Human Computable Password Schemas

Definition:

A password schema that is implementable in a user’s head without the use of additional instruments such as a calculator or pen and paper. There is an additional bound of one hour on the total time over a user’s life required to memorize and maintain the schema.

Security Level

The following definition may be refined to better fit the intuitive notion of security.

Definition:

The level of difficulty for an adversary (hacker) to crack a random user's private key based on a number of challenge-response pairs.

Schema Quality (A potential security metric?)

Definition:

A schema is said to have quality $Q$ if an information-theoretic adversary (i.e., an adversarial Turing machine with unbounded computational power) is able to
correctly guess the response to the next challenge within ten attempts after seeing an average of $Q$$1$ random challenge-response pairs.

The Schema

The following is the schema that I wish to be able to compute a mathematical security metric for.
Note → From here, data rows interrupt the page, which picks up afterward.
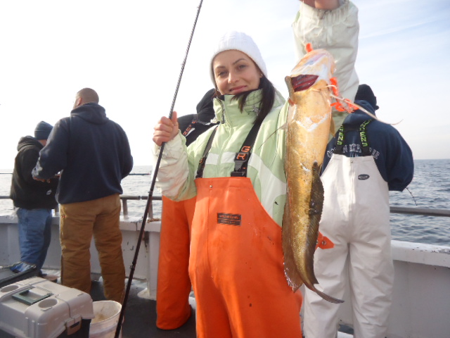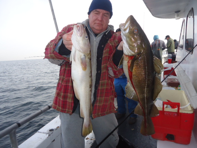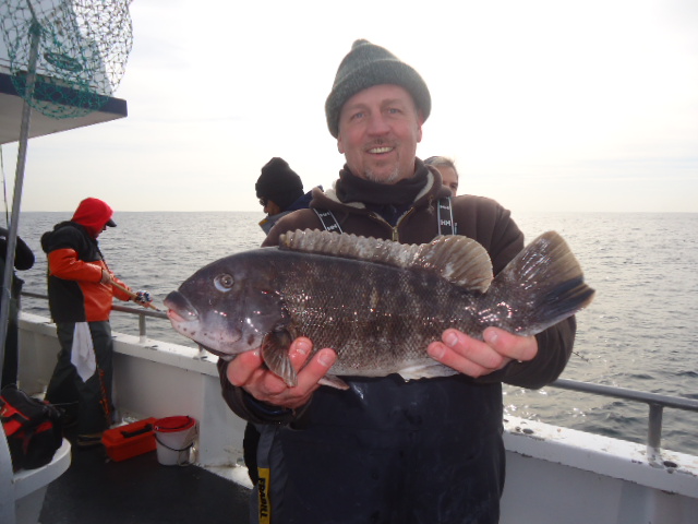 2-1-14 Really nice today,,I mean really nice....Flat calm,,,,we caught some nice fish...it seemed a little slower with bites than the previous days but still we did some moving around and some of the guys got into some Nice Codfish,,,handful of keeper Togs,,,and some lings,,,also a few nice keeper Pollocks...Not everyone had some fish to go home with,,I would have definately likedl to see some more fish go around but we took what was given to us..We had a couple of guys with two keeper Cods each,,few had one,,High hook actually had four Codfish today,,two of em keepers,,Not as many Blackfish as previous days,,they seemed a little sluggish but still a few nice fish...Lings scattered around the boat,,plenty of perch bites,,No lack of them today..Check out some pics,,,tomorrow looks nice again!!!See ya for coffee..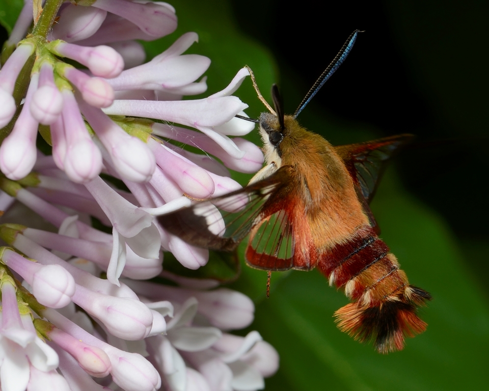 Unlike most other moths, clearwing hummingbird moths are active during the day. They can be seen fluttering around fields, forest edges, meadows and cultivated gardens extracting nectar from flower blossoms. The far-ranging species can be found from Newfoundland west to British Columbia, and even in Canada’s North.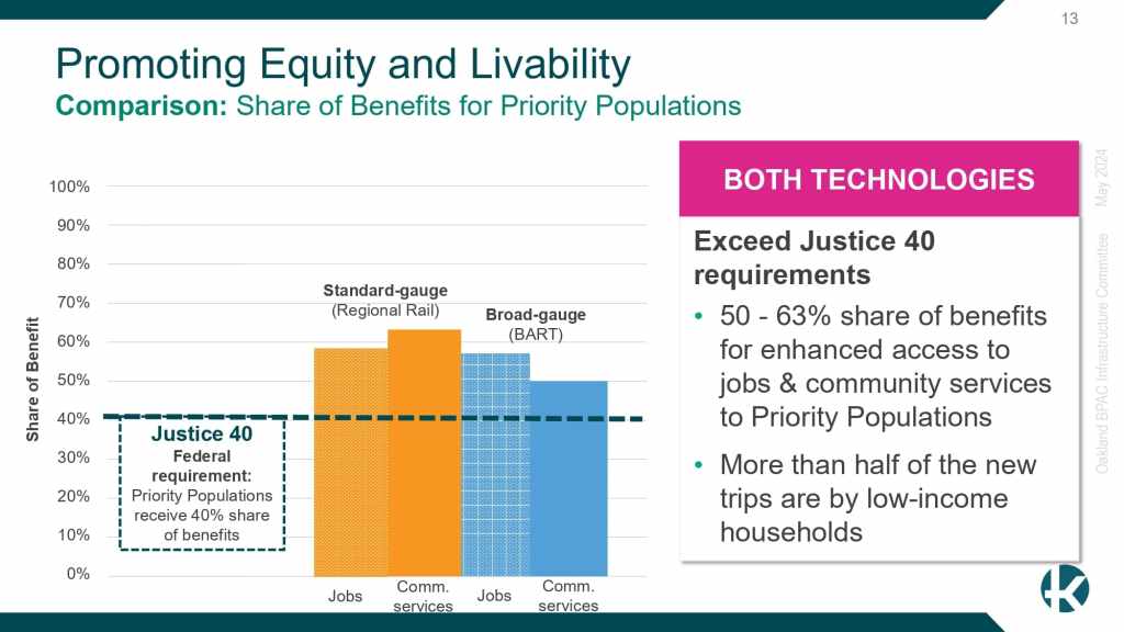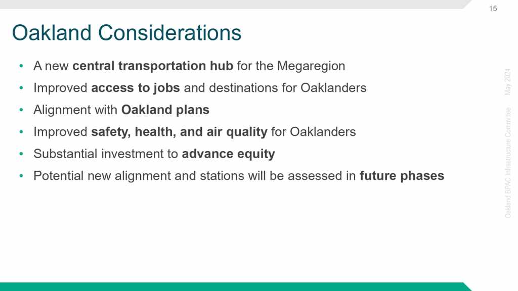 - Benefits for Oakland: potential one seat rides between Oakland and the Peninsula, Emeryville, West Berkeley; faster and better connected rails service to Sacramento, Stockton, I-80 corridor; new rail transfer hub in Downtown Oakland; new alignment would be underground through Oakland.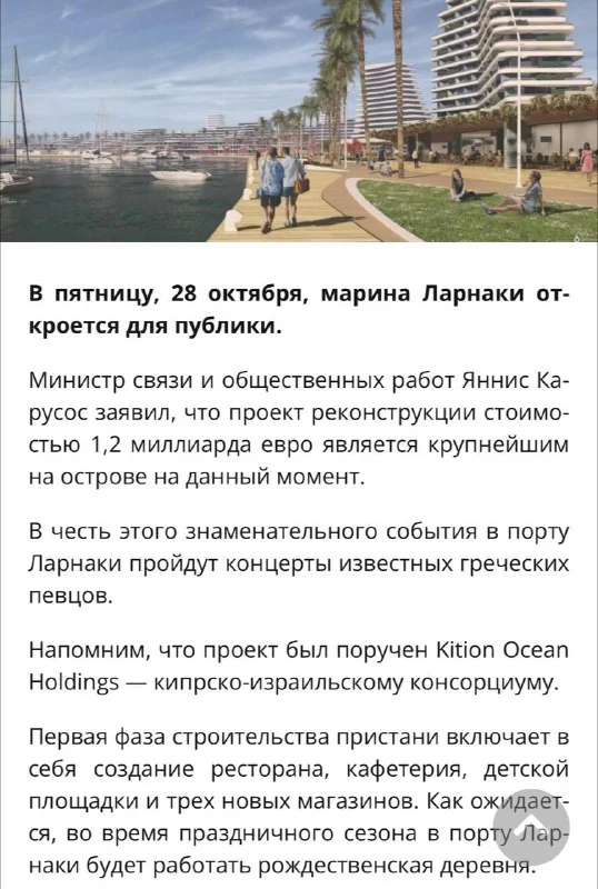 В пятницу, 28 октября, марина Ларнаки откроется для публик...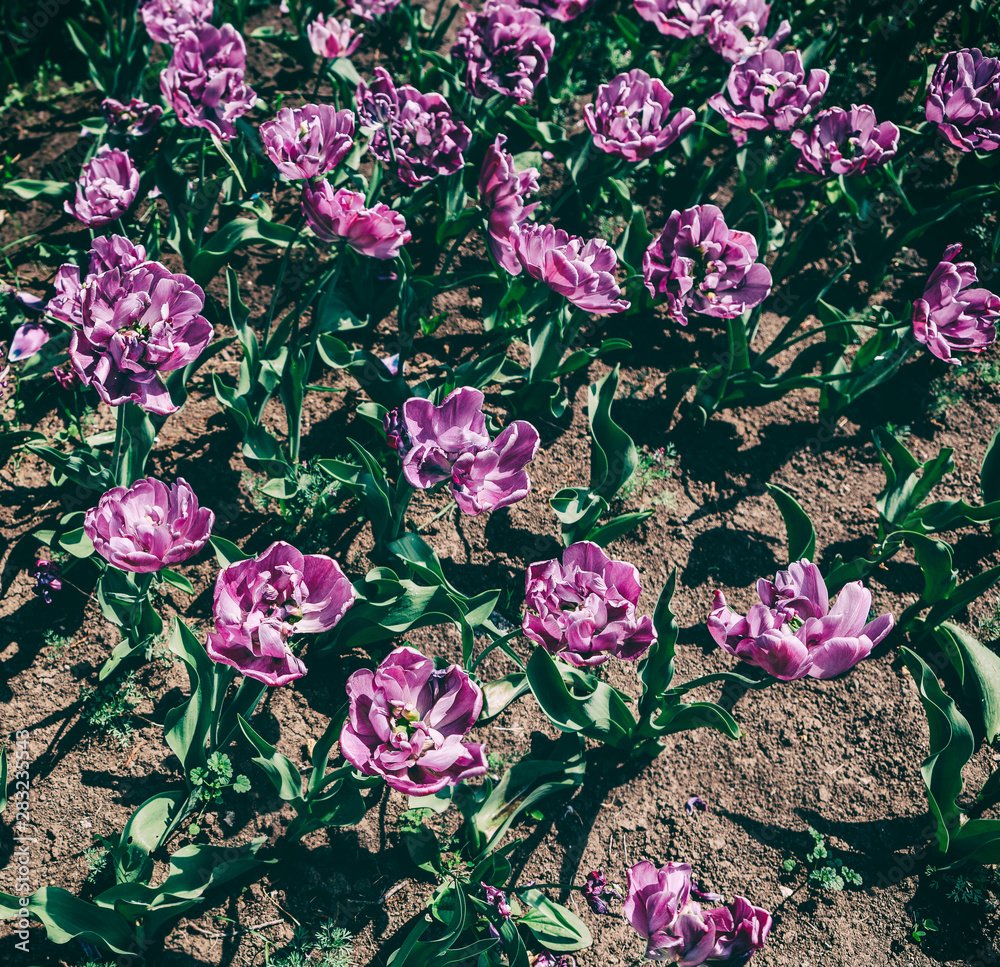 Colorful tulip field, flower tulip in spring background, selective focus, closeup. Beautiful violet peonies flowers blossom in spring background, toning
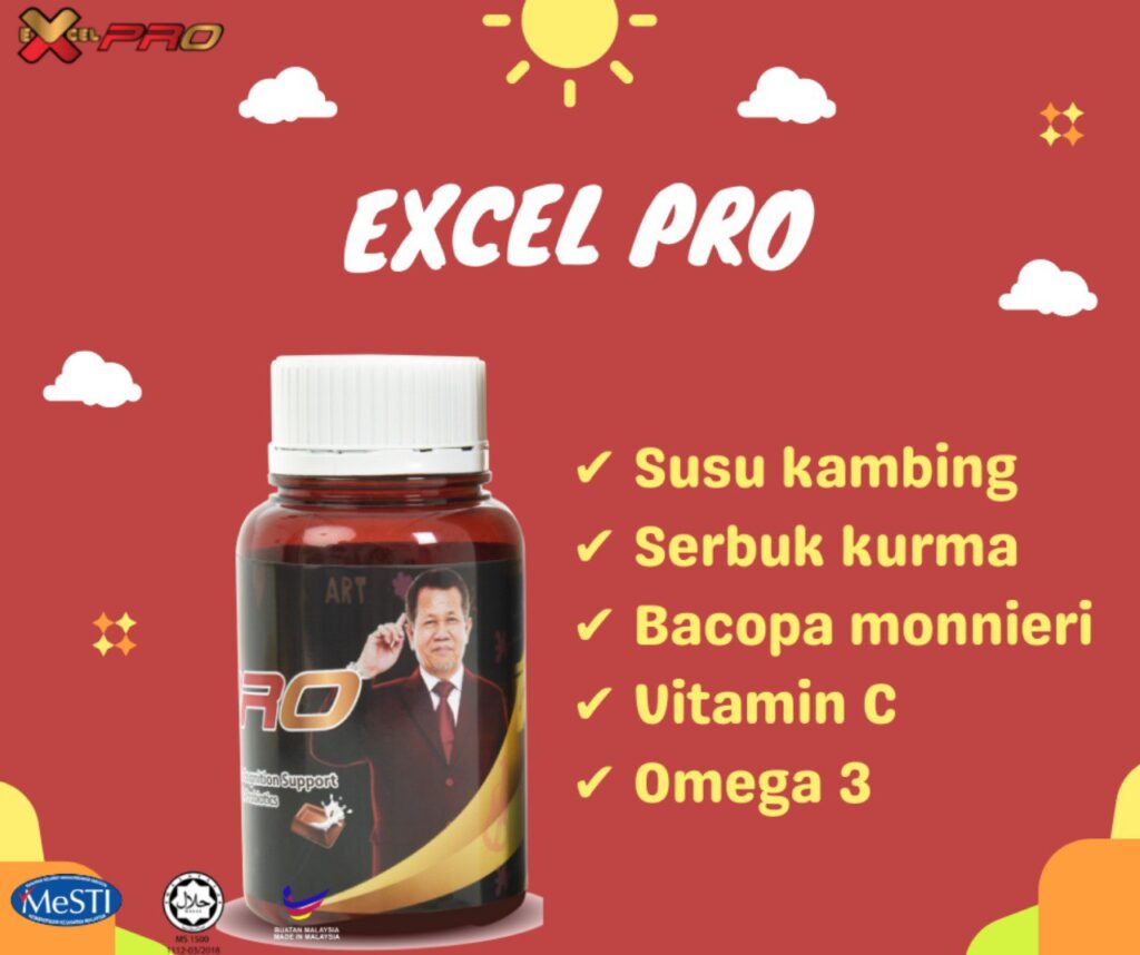 Excel Pro mengandungi semua khasiat yang mampu membantu perkembangan minda anak-anak .
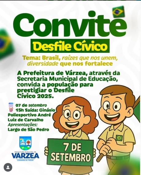 A Prefeitura Municipal de Várzea/RN, por meio da Secretaria Municipal de Educação, tem a honra de convidar toda a população para prestigiar o Desfile Cívico 2025.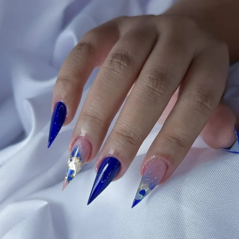 The vibrant royal blue along with the transparent jelly-clear tips flecked with soft shapes playfully mixes light, making it perfect for a sunny weekend or a beach escape. The negative space elongated the hand without adding extra length. Styling tip: Crisp white button-down, light-wash jeans, and metallic sandals for a perfect look.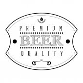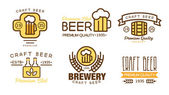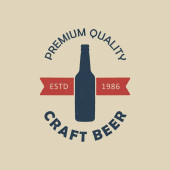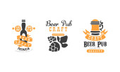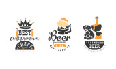 Oryginalne logo szablon dla pub. Kolorowy emblemat z butelką piwa, oddział pszenicy i wstążki. Napój alkoholowy. Element wektora dla reklamy poster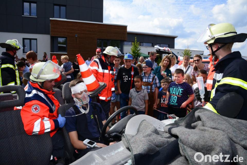 Dazu gehörte die Entfernung der Windschutzscheibe, dann wurde das Dach des Fahrzeuges abgetrennt. Damit ergab sich für die Helfer der gesamte Überblick über den Fahrzeugraum und die verletzten Personen. Das war für die Besucher der Moment, sich der „Unfallstelle“ nähern zu dürfen. Notarzt Dominik Kuhbandner erklärte den Zuschauern die Notwendigkeit der medizinischen Maßnahmen. Dann mussten die Zuschauer die „Schadensstelle“ wieder verlassen, damit die Rettungsmaßnahmen wieder aufgenommen werden konnten.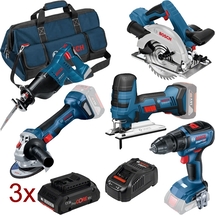 Cod articolPachet - Bosch - Masina de gaurit si insurubat + Polizor unghiular + Fierastrau circular + Fierastrau pendular + Fierastrau sabie + 2 acumulatori, 18 V, 4 Ah + Incarcator + Geanta textila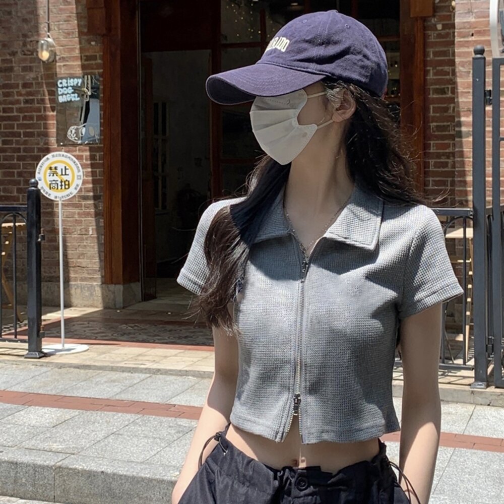 【台灣發貨】韓版翻領設計感雙拉鍊短版上衣 衣服 女裝 t恤 短袖t恤 上衣【T526】-圖片-7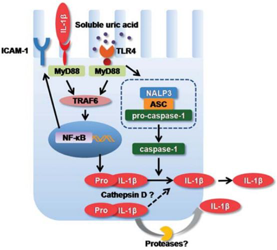 (3)晶體相關(guān)性腎病研究發(fā)現(xiàn)以含100ug/mL尿酸培養(yǎng)液培養(yǎng)腎小管上皮細(xì)胞發(fā)現(xiàn)TLR4 NLRP3、Caspase-1IL-1?表達(dá)的增加,予以TLR4的阻滯劑TAK242干預(yù)后NLRP3 Caspase-1IL-1的表達(dá)明顯減少,說明尿酸可通過TLR4激活NLRP3及下游焦亡信號(hào)因子,導(dǎo)致腎臟炎癥反應(yīng)及細(xì)胞焦亡。參考文獻(xiàn):Soluble uric acid increases NALP3 inflammasome and interleukin-1βexpression in human primary renal proximaltubule epithelial cells through the Toll-like receptor 4- mediated pathway.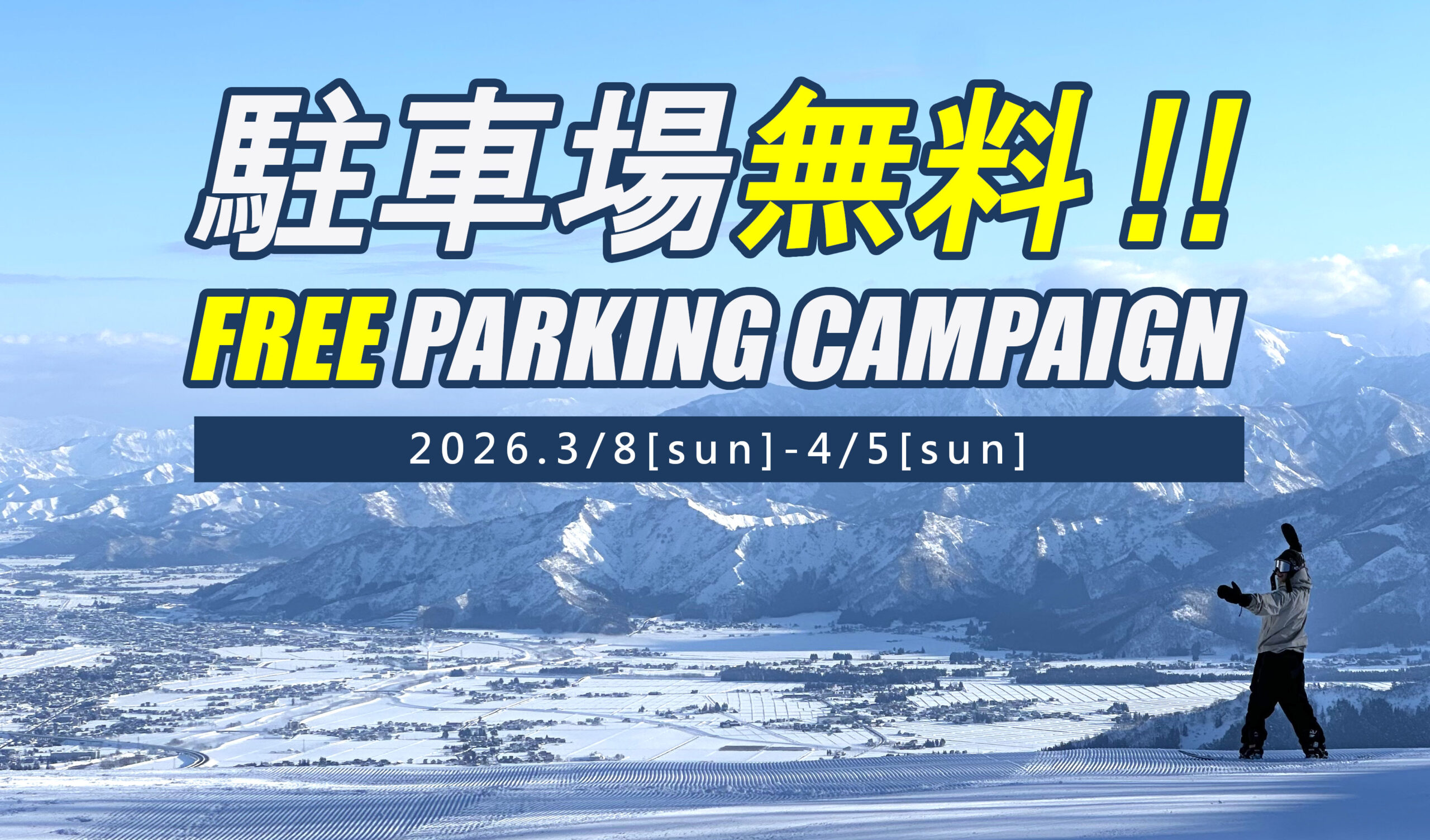 3/8(日)〜4/5(日)の期間限定で日帰り駐車場が【無料】に!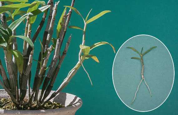 5月に調達した赤花セッコク「雷山」が、茎の先端部で枝分かれし、その枝が根を伸ばし始めました。2又に分かれた根はぐんぐん伸びて、茎の丈を上回る様になりました。この子株は、今はまだ親株から養分を貰っている様ですが、いつかはその供給も途絶える筈です。それまでにこの根が培地に届けば命は繋げるのですが、間に合わなければ一巻の終り、ということになってしまいます。 ということで、先手を打って子株を親株から切り離し、自分の根で生き延びられる様、所定の培地に定植することにしました。円内が切り離した子株です。これを別途用意した2号陶鉢に植え付けます。培地は微粒赤玉土と裁断したミズゴケを半々に混ぜたものです。下画像が植え付けを済ました状態です。ヒゲ根2本だけでは屋外の高温乾燥の環境では生存困難ということで、この夏から冬は屋内で過ごさせることにします。

I describe below the purpose and functioning of the schema.

The purpose of the following schema is to give a user an algorithm they can use to mentally compute a unique password for any website they visit in under $20$ seconds. The advantage of this schema is that a user does not need to remember individual passwords for each website and can instead simply remember an algorithm. To make the passwords unique for a user, each user creates and memorises a random mapping of letters to numbers, which are used, along with the website name, in the algorithm to generate the password.

enter image description here

I will use the above image to explain how the schema works.

Broadly speaking, the schema can be thought of as the following function:

$$f(\text{website name}, \text{private key}) = \text{password}$$

The website name can be any combination of the letters in the English alphabet. It can also include an integer from $0$ to $9$ at the end of it. In our example above (image), $\text{MAGIC}1$ is the website name. (Of course, all website names in the real world do not fit these constraints, but we can ignore the exceptions).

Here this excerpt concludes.